GOAL OF THE EXERCISE → Nothing but the lines from the one including "Similarly, married women" through the last line of the entries, restated exactly, should appear in the answer; omit the pictures.

▼▼▼

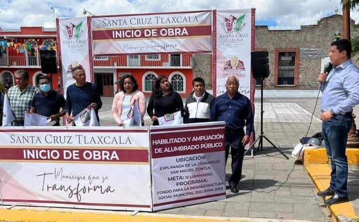 El presidente municipal de Santa Cruz Tlaxcala, David Martínez del Razo, informó que “dando continuidad a las acciones y reafirmando mi compromiso con la ciudadanía, dimos el banderazo de inicio de la obra con el Cuerpo Colegiado, la Presidenta de Comunidad y su servidor como presidente municipal de Santa Cruz Tlaxcala, para el mejoramiento de Alumbrado Público en la comunidad de San Miguel Contla, con la colocación de 13 luminarias del programa de Fondo para la Infraestructura Social Municipal 2022 (FISM2022)”.
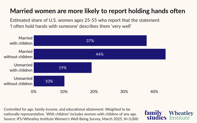 Similarly, married women are much more likely than unmarried women to say they hold hands often. Married women with children are almost twice as likely to hold hands frequently as unmarried women with children, and married women without children are over four times as likely to hold hands as often as unmarried women without children.
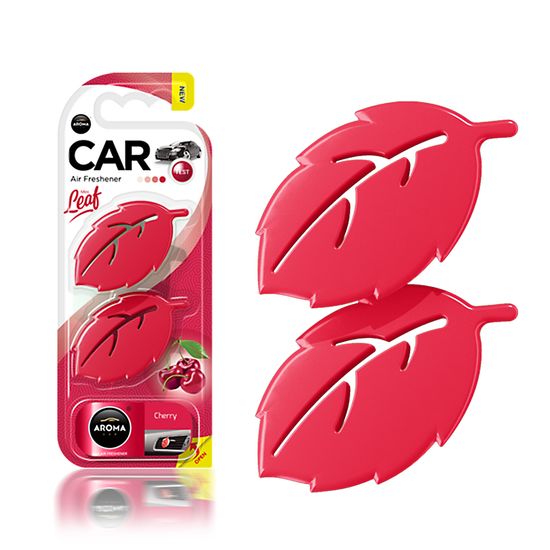 Ультрасучасний полімерний ароматизатор повітря Aroma Car із серії Leaf 3D mini, виконаний у формі двох маленьких листочків дерева, призначений для закріплення за допомогою кліпси на вентиляційну решітку обдування автомобіля. Ароматизатор має приємний аромат Cherry (Вишня).
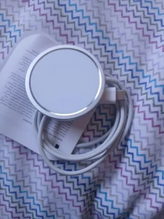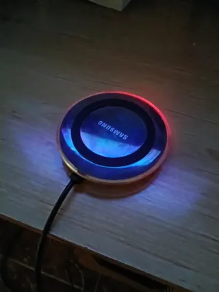 Cargador inalámbrico con un diseño circular y moderno. Cuenta con luces LED que indican su estado. - Base de carga redonda. - Indicadores LED. - Cable de conexión incluido.como nuevo recojida en córdoba capital.
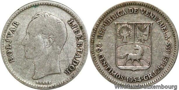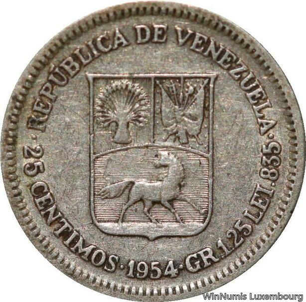R7080 Venezuela 25 Centimos 1954 Silver -> Make offer
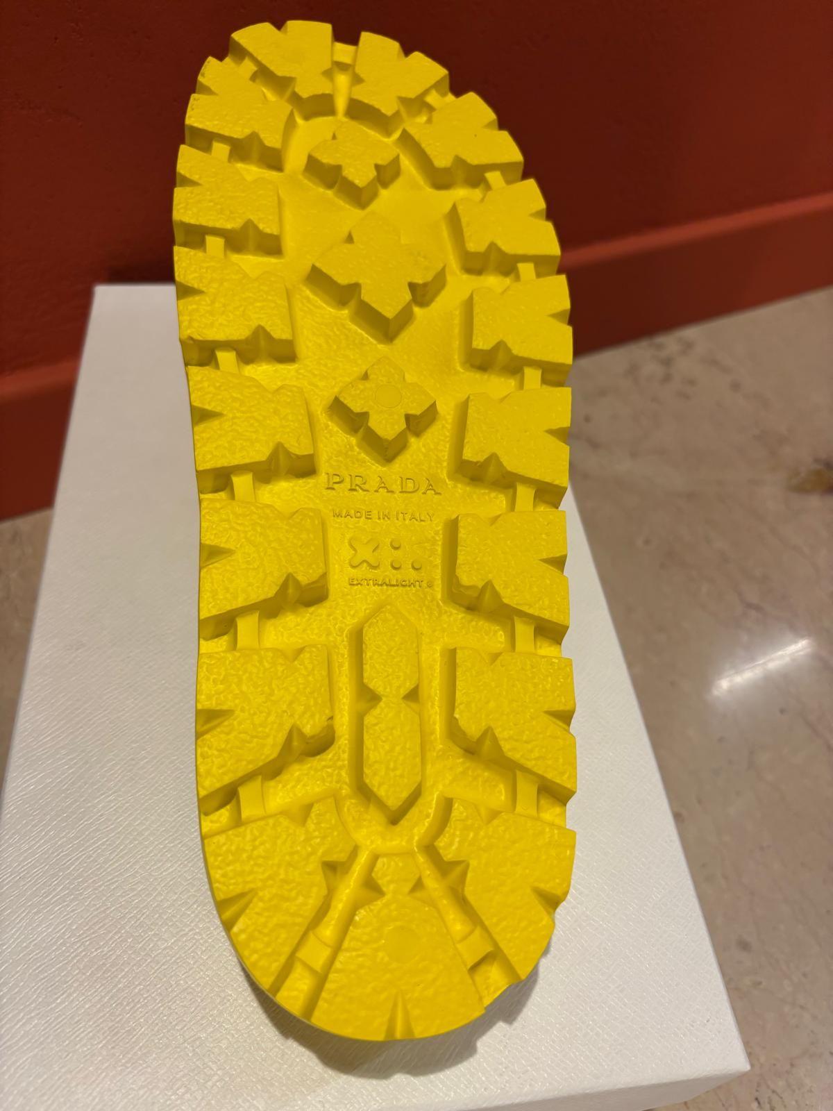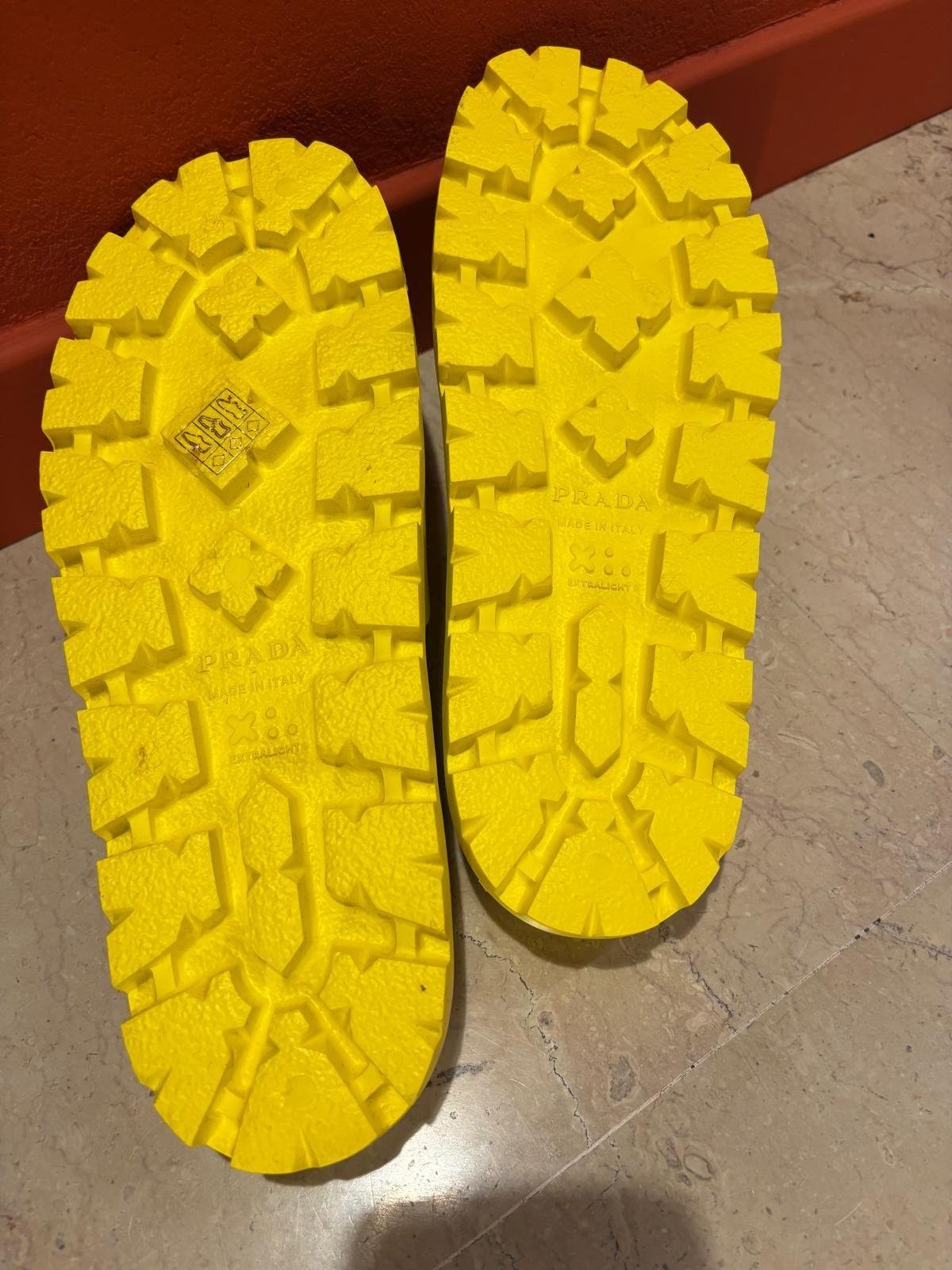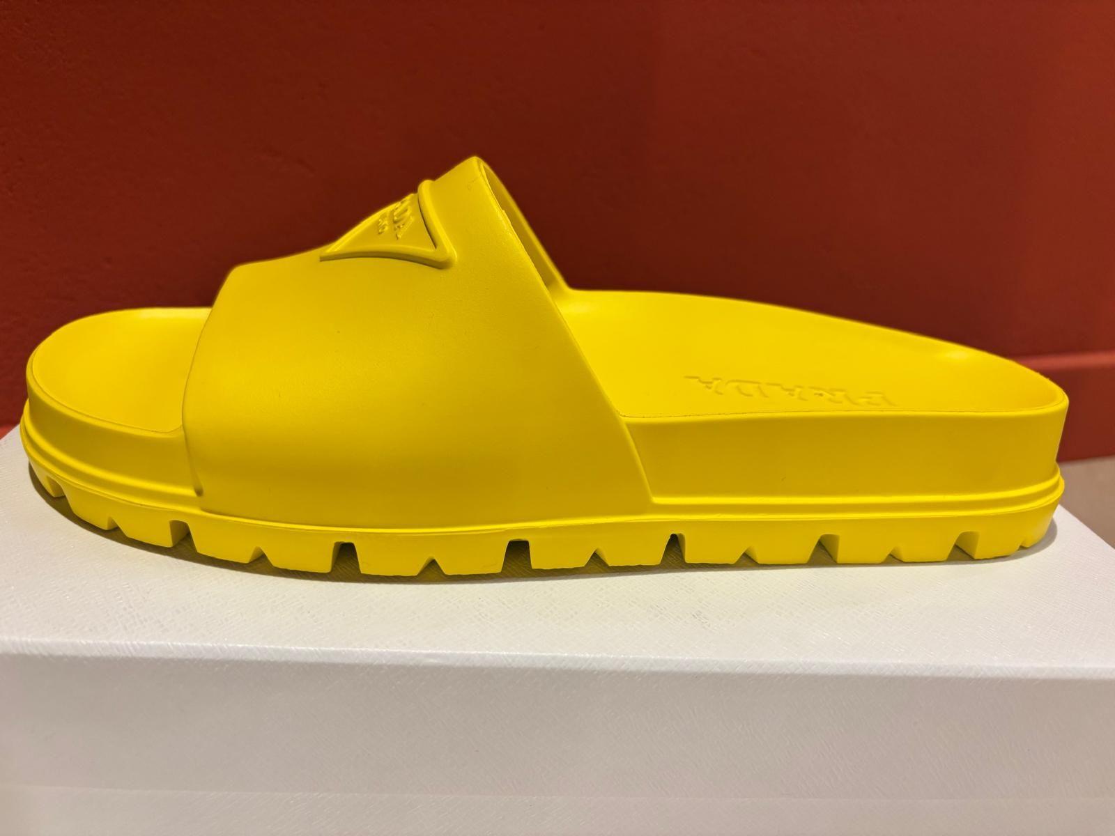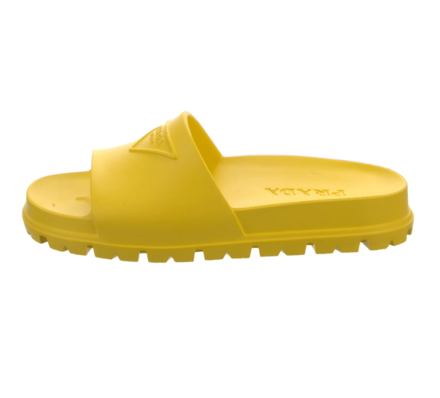 Prada rubber slide sandals in a vibrant yellow tone, featuring a bold and contemporary design. The slip-on silhouette is defined by the iconic Prada Milano triangular logo in relief on the front strap, a signature detail of the brand.

▲▲▲

ANSWER SPACE →
 Similarly, married women are much more likely than unmarried women to say they hold hands often. Married women with children are almost twice as likely to hold hands frequently as unmarried women with children, and married women without children are over four times as likely to hold hands as often as unmarried women without children.
 Ультрасучасний полімерний ароматизатор повітря Aroma Car із серії Leaf 3D mini, виконаний у формі двох маленьких листочків дерева, призначений для закріплення за допомогою кліпси на вентиляційну решітку обдування автомобіля. Ароматизатор має приємний аромат Cherry (Вишня).
 Cargador inalámbrico con un diseño circular y moderno. Cuenta con luces LED que indican su estado. - Base de carga redonda. - Indicadores LED. - Cable de conexión incluido.como nuevo recojida en córdoba capital.
R7080 Venezuela 25 Centimos 1954 Silver -> Make offer
 Prada rubber slide sandals in a vibrant yellow tone, featuring a bold and contemporary design. The slip-on silhouette is defined by the iconic Prada Milano triangular logo in relief on the front strap, a signature detail of the brand.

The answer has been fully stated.